** Opening RECORDS TO USE block **

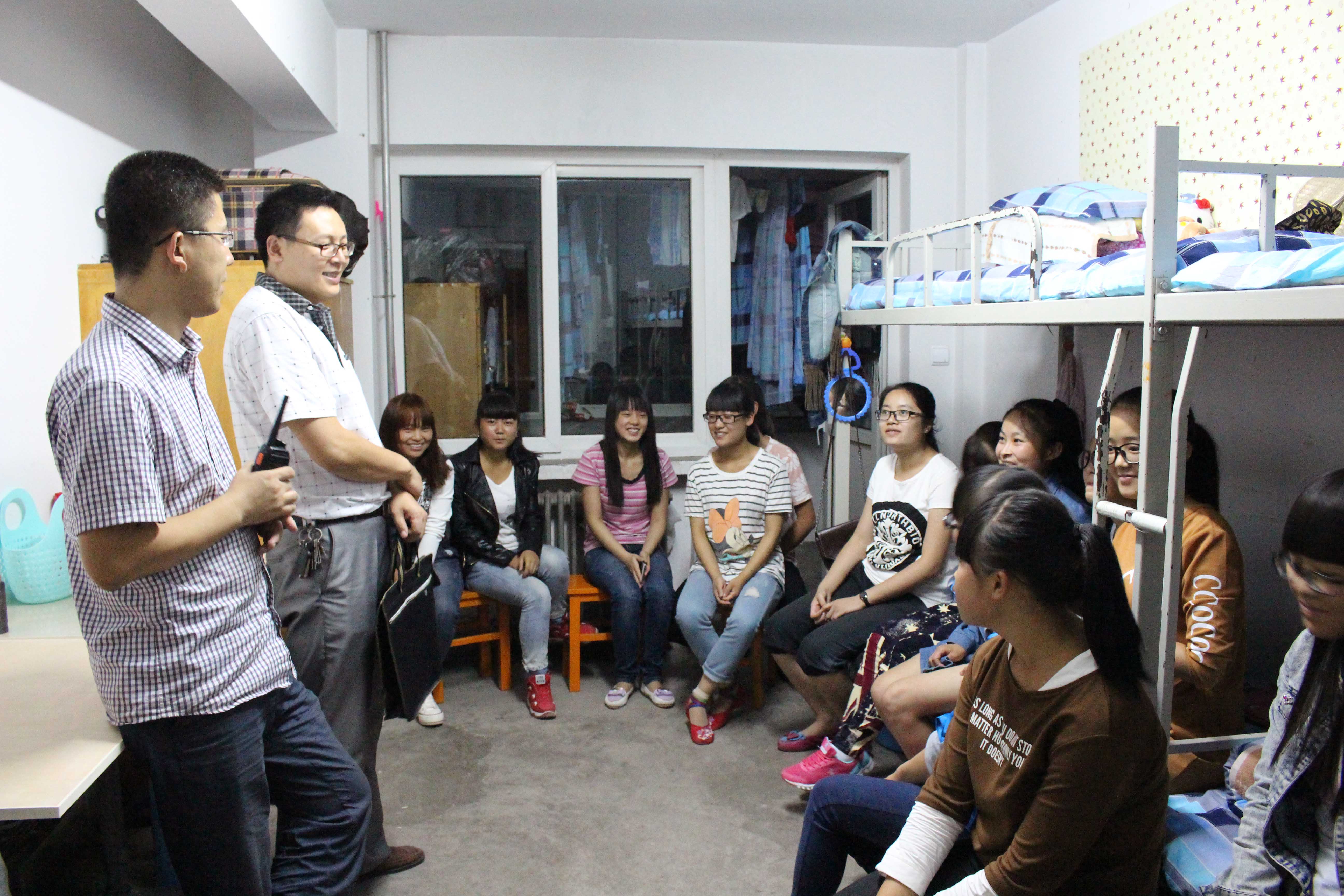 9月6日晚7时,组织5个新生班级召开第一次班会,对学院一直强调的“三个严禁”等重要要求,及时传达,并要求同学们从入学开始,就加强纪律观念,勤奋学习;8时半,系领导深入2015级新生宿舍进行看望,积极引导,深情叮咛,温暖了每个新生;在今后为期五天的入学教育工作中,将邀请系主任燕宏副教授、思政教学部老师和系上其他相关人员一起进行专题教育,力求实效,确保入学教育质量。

** Closing RECORDS TO USE block **
** Opening RECORDS TO USE block **

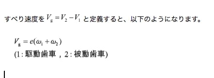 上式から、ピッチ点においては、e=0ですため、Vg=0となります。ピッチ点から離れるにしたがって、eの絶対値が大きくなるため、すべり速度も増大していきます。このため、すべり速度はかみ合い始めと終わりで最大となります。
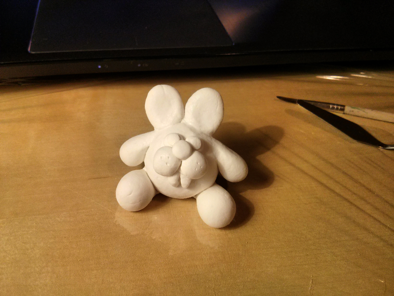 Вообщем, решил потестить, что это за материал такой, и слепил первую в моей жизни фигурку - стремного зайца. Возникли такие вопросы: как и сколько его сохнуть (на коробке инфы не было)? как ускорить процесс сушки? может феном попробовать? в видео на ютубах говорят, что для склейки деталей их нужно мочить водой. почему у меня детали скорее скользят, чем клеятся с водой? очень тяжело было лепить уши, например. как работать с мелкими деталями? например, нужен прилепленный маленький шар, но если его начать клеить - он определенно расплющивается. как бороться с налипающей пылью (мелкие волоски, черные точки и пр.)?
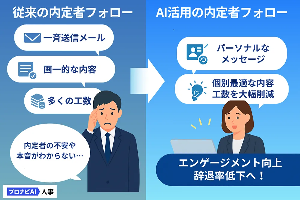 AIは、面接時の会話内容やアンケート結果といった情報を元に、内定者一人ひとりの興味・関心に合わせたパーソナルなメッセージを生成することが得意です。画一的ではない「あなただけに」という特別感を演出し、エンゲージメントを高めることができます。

** Closing RECORDS TO USE block **
** Opening RECORDS TO USE block **

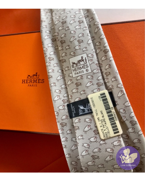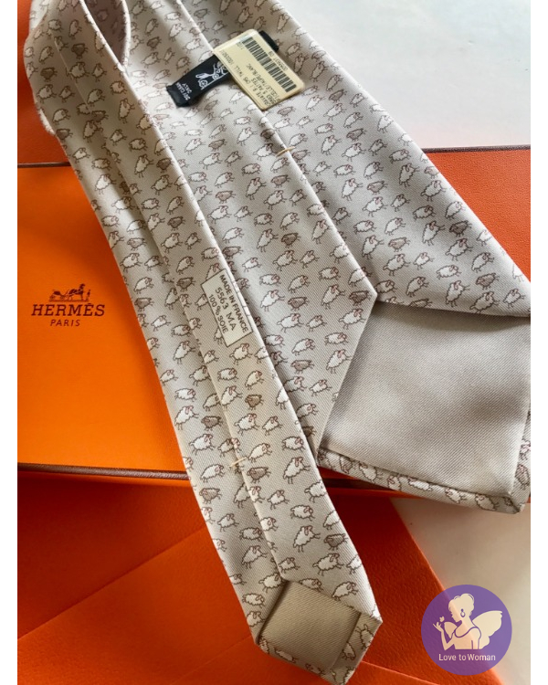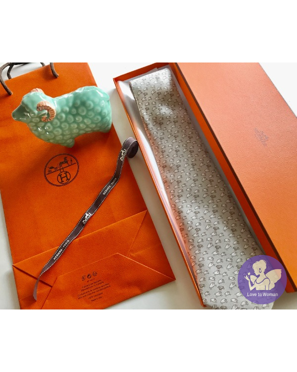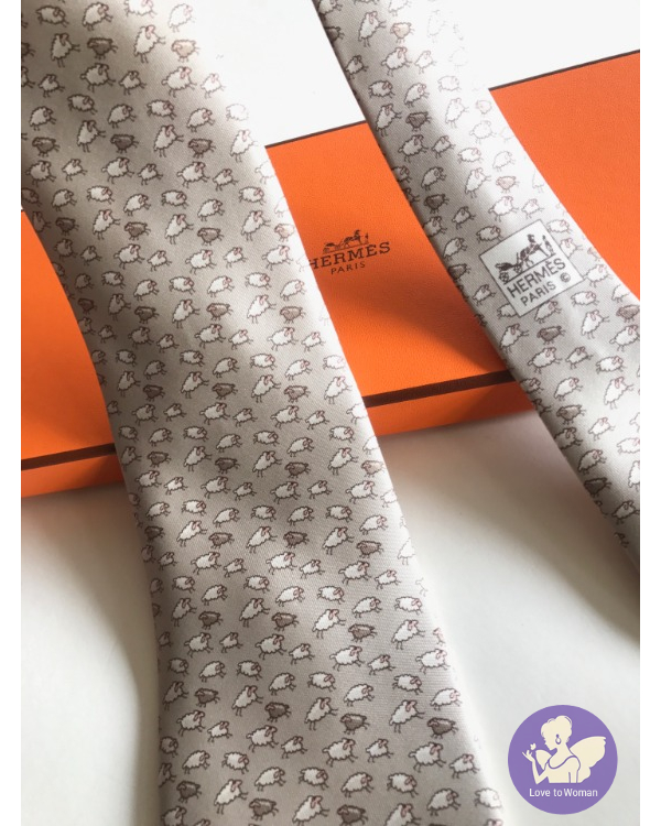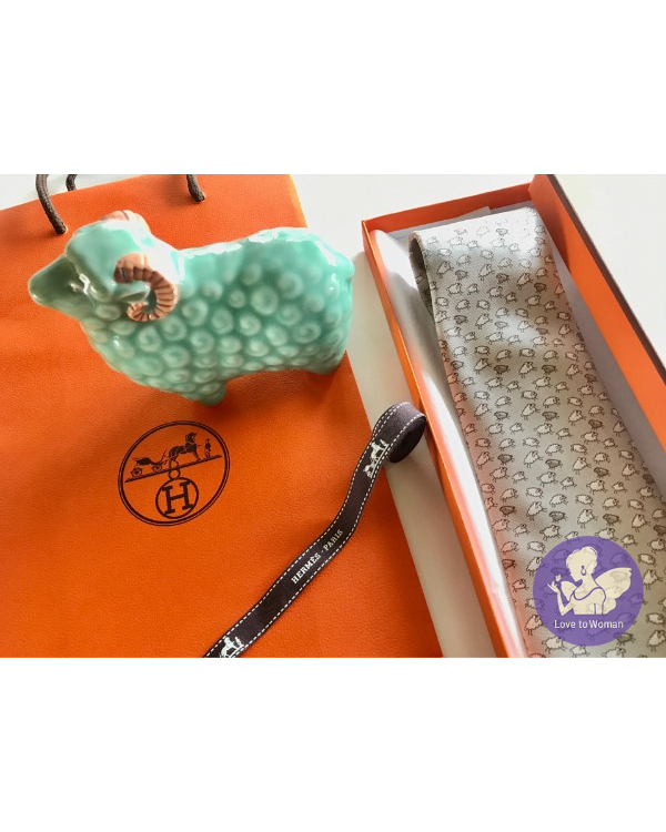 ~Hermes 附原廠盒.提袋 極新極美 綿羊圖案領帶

** Closing RECORDS TO USE block **

= EXERCISE BRIEF =
Output exactly the lines above that lie between the line with "Вообщем, решил потестить, что" and the line with "AIは、面接時の会話内容やア", those two lines included, and no pictures.

= REPLY =
 Вообщем, решил потестить, что это за материал такой, и слепил первую в моей жизни фигурку - стремного зайца. Возникли такие вопросы: как и сколько его сохнуть (на коробке инфы не было)? как ускорить процесс сушки? может феном попробовать? в видео на ютубах говорят, что для склейки деталей их нужно мочить водой. почему у меня детали скорее скользят, чем клеятся с водой? очень тяжело было лепить уши, например. как работать с мелкими деталями? например, нужен прилепленный маленький шар, но если его начать клеить - он определенно расплющивается. как бороться с налипающей пылью (мелкие волоски, черные точки и пр.)?
 AIは、面接時の会話内容やアンケート結果といった情報を元に、内定者一人ひとりの興味・関心に合わせたパーソナルなメッセージを生成することが得意です。画一的ではない「あなただけに」という特別感を演出し、エンゲージメントを高めることができます。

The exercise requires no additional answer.